Saturday, July 23, 2005

Sudoku challenge

Can u make a program in any language that generates and solves a sudoku??!
All those interested welcome for a discussion here...!

Sunday, July 17, 2005

TechknowMath update

All participants are requested to send in their projects by mail to techknowmath@gmail.com
latest by next week...that is by 22nd July..
The shortlisted ones will be asked to explain their projects later...
Those of you who can't mail it to gmail, you can mail them to techknowmath@yahoo.co.in
Also those who don't have internet facility can give us the hard copy of the program...

Wednesday, July 13, 2005

Class 10 Maths Quiz

Finally!!
Had it in the AVH, of course...There were 4 rounds--Logic, Visual, Rapid Fire, and Mixed Bag.

The 10thees were a little overexcited(hence, hard to discipline :-) )
Most of the teams were able to crack the logic questions. Visuals were welcomed with enthusiasm and generally people enjoyed them. Rapid fire came as an initial shock to the 1st team we started with, i guess, but wasn't much of a problem for others. Honestly, they all needed to improve the speed of their calculations. They were more comfortable with the mixed bag round because it is typical of quizes and was scoring.

The results:
10 G 1st
10 A 2nd(Nipun and Anant)

The others will be put up shortly.

Monday, July 11, 2005

Maths Society Updates


Tech - Know - Math Competiton on Monday Next Week.

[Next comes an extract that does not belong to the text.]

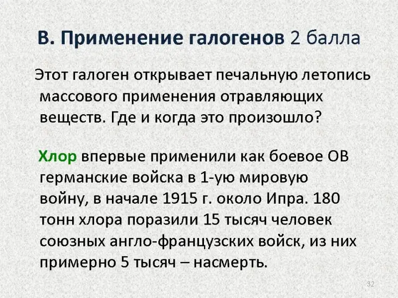 Ответ - галоген - хлор. Его впервые применили как боевое ОВ германские войска в 1-ую мировую войну, в начале 1915 г. около Ипра. (Слайд 33)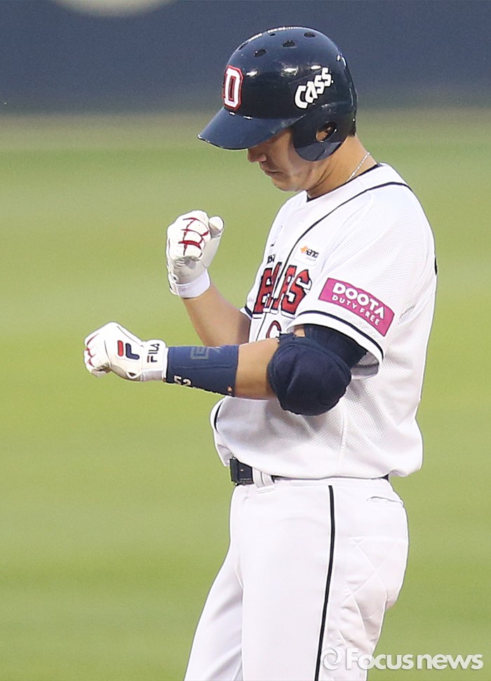 (서울=포커스뉴스) 25일 서울 잠실구장에서 열린 2016프로야구 kt-두산 경기 2사 1,3루에서 두산 김재호가 중견수 뒤로 빠지는 역전 2타점 2루타를 치고 두 주먹을 쥐며 기뻐하고 있다.

Watch this space for the results and thw winners.

Saturday, July 09, 2005

Members

All those interested in joining the society must submit and essay or a short write up on "Why I like Maths .." and achievements if any, either to any of the existing members, leave details in the comments, or mail to mathematical-society@googlegroups.com. Also please mention if you are a member of Maths Lab or not.

Competition Update

1. Final round of Class 10 Maths quiz -- On 13th July, 5th and 6th period
2. Tech-know-math -- Programming on 18th July, 1st and 2nd Periods lab 3 and 4.
3. Tech-know-Math-- Ppt to be submitted within next week

Hope u all enjoy it....

Monday, July 04, 2005

Man recites pi from memory to 83,431 places

TOKYO - A Japanese psychiatric counselor has recited pi to 83,431 decimal places from memory, breaking his own personal best of 54,000 digits and setting an unofficial world record, a media report said Saturday.
Akira Haraguchi, 59, had begun his attempt to recall the value of pi - a mathematical value that has an infinite number of decimal places - at a public hall in Chiba city, east of Tokyo, on Friday morning and appeared to give up by noon after only reaching 16,000 decimal places, the Tokyo Shimbun said on its Web site.
But a determined Haraguchi started anew and had broken his old record on Friday evening, about 11 hours after first sitting down to his task, the paper said.
He reached the 80,000-digit mark after midnight early Saturday, according to the paper, which had a photo showing Haraguchi with his eyes closed, his face contorted in concentration.
If verified and recognized by the Guinness Book of Records, Haraguchi's feat would beat his own previous best - currently under review - of 54,000 digits. The official current record-holder, also Japanese, calculated pi from memory to 42,195 decimal places in 1995.
Pi, usually given as an abbreviated 3.14, is the ratio of the circumference to the diameter of a circle. The number has fascinated and confounded mathematicians for centuries.
Aided by a supercomputer, a University of Tokyo mathematician set the world record for figuring out pi to 1.24 trillion decimal places in 2002.
Researchers say that calculating pi to more than about 1,000 decimal places has not much purpose in math or engineering, though mathematicians have done so to test the accuracy and limits of supercomputers.